Sitting here seeing the words the fragments of my mind working hard to dismiss them as they rip through to find a way out. Something has happened, a shift. I look at the sheep their faces staring at me and watch them graze across the field making up languages as they ate. I tried to think they were trying to talk to me, communicating with me. They stand In front of me ones, twos sometimes three’s, chewing, staring me in the face. Did they know something I didn’t? I took pics and so I could remember their faces and then I might see what they are saying to me. I must keep walking.

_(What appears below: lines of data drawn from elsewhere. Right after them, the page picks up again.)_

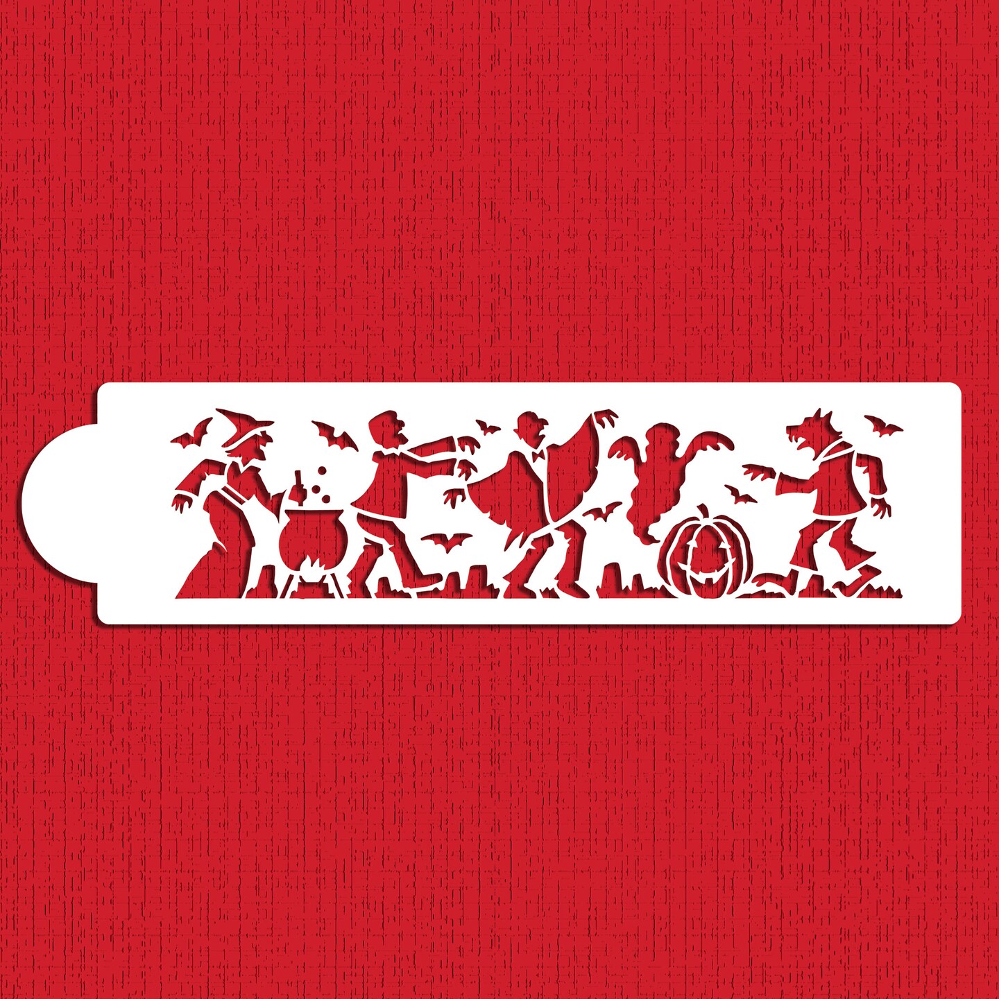 Halloween Monster Cake Stencil Side: Witch, Dracula, Ghost, Werewolf, Frankenstein | C460 by Designer Stencils | Cake Decorating Tools |
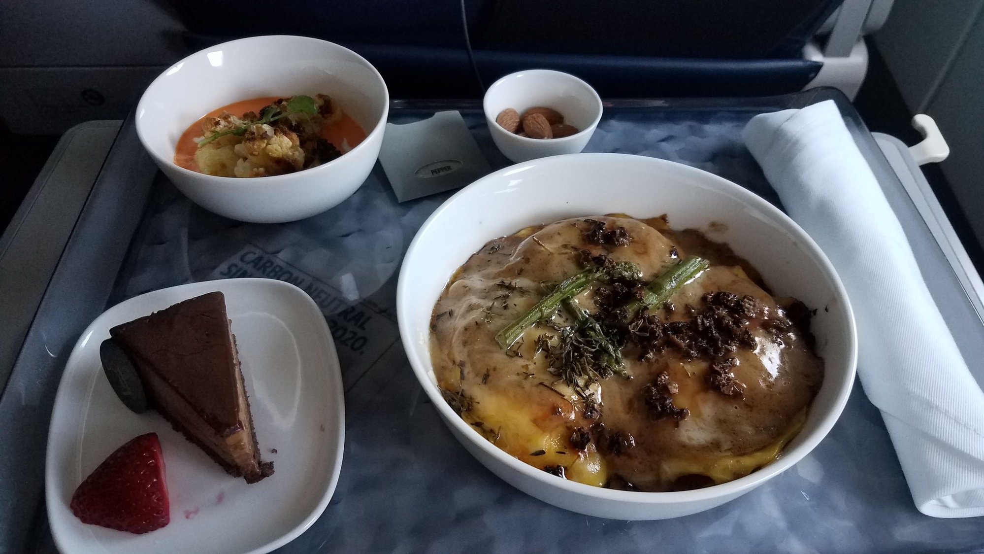 Lunch today on DL1483, DTW-PHX. Choice of this (mushroom ravioli), a salmon poke bowl, or pastrami Rueben. Not sure what the red stuff is in the bowl w/the roasted cauliflower, but it was good.
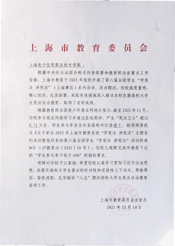 近日,上海市教育委员会法宣办发来表扬信,对365官网采取有效措施深入推动在籍学生宪法法治教育工作予以表扬。 来信指出,根据教育部全国青少年普法网统计显示,截至2021年11月,365官网参与宪法网络学习并通过在线...

Sounds change, I hear the trickling of water in its desperate effort to cascade over rocks and fall into the waters that are the Bronte falls. I stop and observe the flow and notice it has only one way to go and has nothing to fight it’s way down no other agenda other than to keep a constant flow to run its length along its tributaries, fresh with nothing added, pure.

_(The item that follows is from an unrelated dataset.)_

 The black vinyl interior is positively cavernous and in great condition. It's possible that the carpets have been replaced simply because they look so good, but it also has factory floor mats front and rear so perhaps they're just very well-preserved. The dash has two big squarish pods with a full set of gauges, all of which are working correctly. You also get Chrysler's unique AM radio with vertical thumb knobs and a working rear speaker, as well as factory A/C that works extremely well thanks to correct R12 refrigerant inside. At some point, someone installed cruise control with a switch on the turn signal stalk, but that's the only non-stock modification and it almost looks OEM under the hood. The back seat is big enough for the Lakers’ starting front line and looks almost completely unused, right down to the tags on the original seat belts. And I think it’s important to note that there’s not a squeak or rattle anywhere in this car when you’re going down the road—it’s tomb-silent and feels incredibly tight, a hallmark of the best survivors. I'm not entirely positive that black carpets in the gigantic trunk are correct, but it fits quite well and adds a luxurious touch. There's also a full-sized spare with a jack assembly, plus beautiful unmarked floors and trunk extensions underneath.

I feel small naked, vulnerable and alone, something is happening, and I don’t know what, something a life of not only of body but of fur dies. What is seen, what is spoken, the shape of things the architecture is all breaking down in those fragments in my mind, fading eroding in ways I can’t explain. It is just an ache a feeling in my gut and I know it to be true because I was there. How can I put a feeling in words that can express that ache that yearning to be heard? Can you hear it….
Do I belong in this time, now time, or is my mind telling me of another agenda? I go along and survive in the cracks in the gaps between things. Somethings just can’t be explained but are still there in the cracks and the gaps. I lie down where one side of my face is in the earth and the other is looking up into the sky where the sun is shining and I can get lost and where one day I can sleep and never wake up, where I’ll be safe, when who I am, where I am, and what I am will not matter, where I won’t be haunted by a past that made me but is no longer there. I stop and feel the reality of the wind brushing pass my cheek and for now I feel strangely connected to all that is around me, the air the trees and the birds and bees, and listening to the bird song. The heather swaying in the breeze. Now my feet are touching the rubble the rocks in the path that leads me now back to the start, and I breathe, free….!!!!

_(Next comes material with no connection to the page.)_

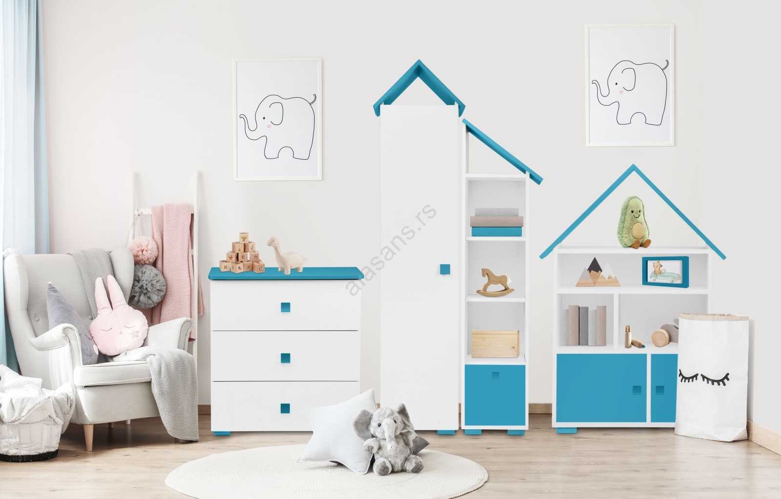 • Promišljen prostor za odlaganje omogućava da dečija soba ostane uredna i čista - puna igračaka, odeće, knjiga i sitnih predmeta.

I follow the path that is rugged and changes in texture and material, just like the jigsaw of my mind. I wrestle with what’s real. Things pass me by, fields of heather with sporadic trees and the sheep grazing. People in their bubbles of family and couples and the faithful dog walking by their side. Then my mind wanders into the depths of the cracks bringing me closer to those that hurt. Getting closer so close I can almost touch them smell them feel them fear them, so alive I can almost reach them, coming close, so close. I drift away and crumbling evaporating and unravelling, fragmenting In front of me, and the space and hurt they leave behind is almost too much to bear, but I must go on. Seconds, minutes, time passing me by.

Now back in the warmth within four walls, the hissing of the kettle brings me back to the here and now and reminds me of who I am. The fragments in my mind now fusing together ensuring I see the whole picture and can reassure that little girl, Pauline Sharp she is safe, loved and believed.
I am the heart beat the beginning the middle and the end of my story. I just need to keep it beating.